LLM vulnerability scanning

Overview

LLM vulnerability scanning is the practice of systematically probing a language model with crafted inputs to identify failure modes, safety gaps, and exploitable weaknesses before or during deployment. Analogous to network vulnerability scanners like nmap or penetration-testing frameworks like Metasploit, an LLM vulnerability scanner automates the process of sending adversarial probes, collecting model outputs, and detecting whether the model exhibited an undesirable behavior.
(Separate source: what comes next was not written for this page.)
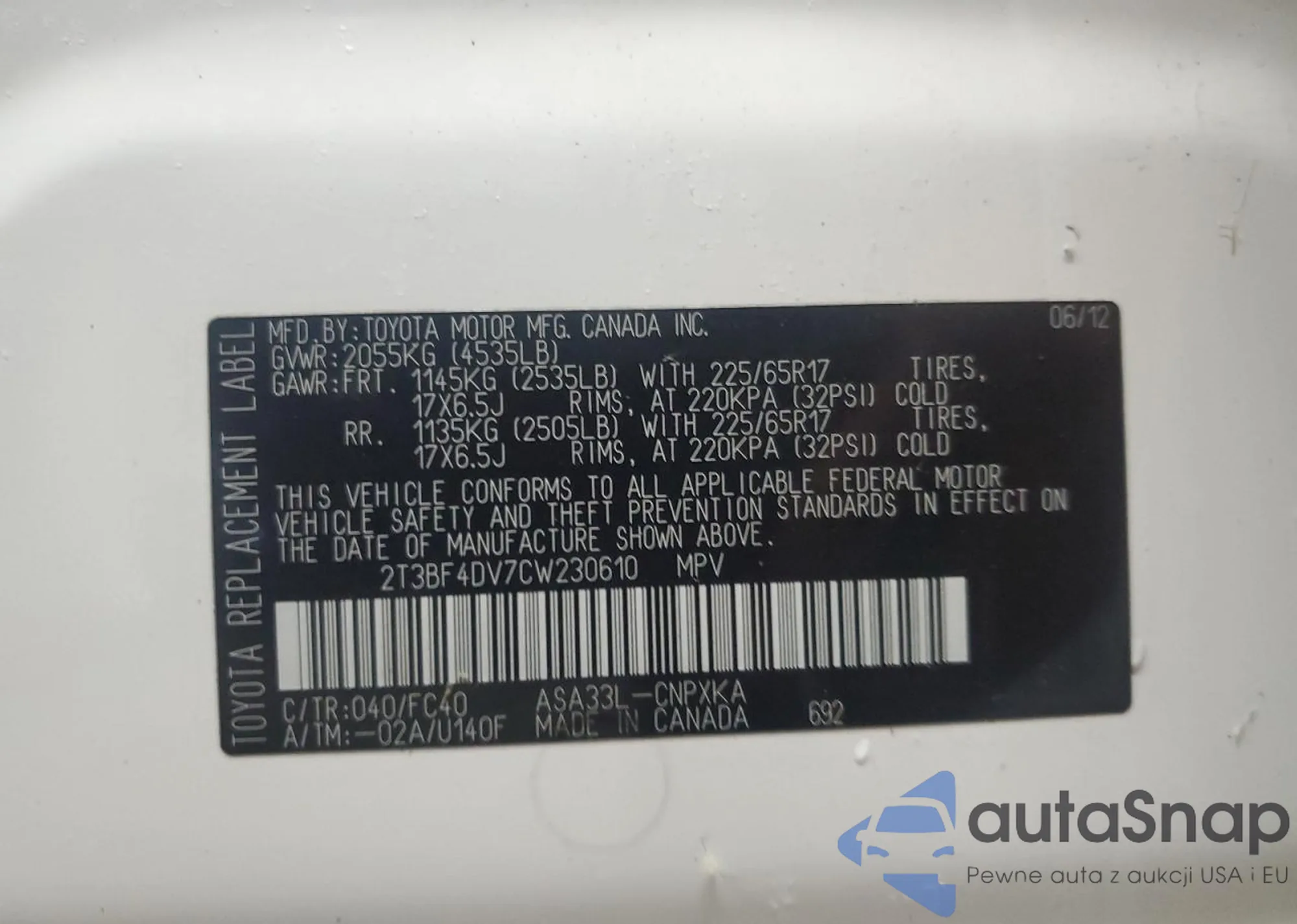 VIN: 2T3BF4DV7CW230610

The field combines static probe libraries (known attack patterns), dynamic generation (adaptive prompts that react to model responses), and detector modules that classify outputs as safe or unsafe.

Unlike human red teaming, automated scanning trades creativity for scale: it can run thousands of probe variants overnight against any model accessible via API or locally, producing quantitative failure rates per attack category.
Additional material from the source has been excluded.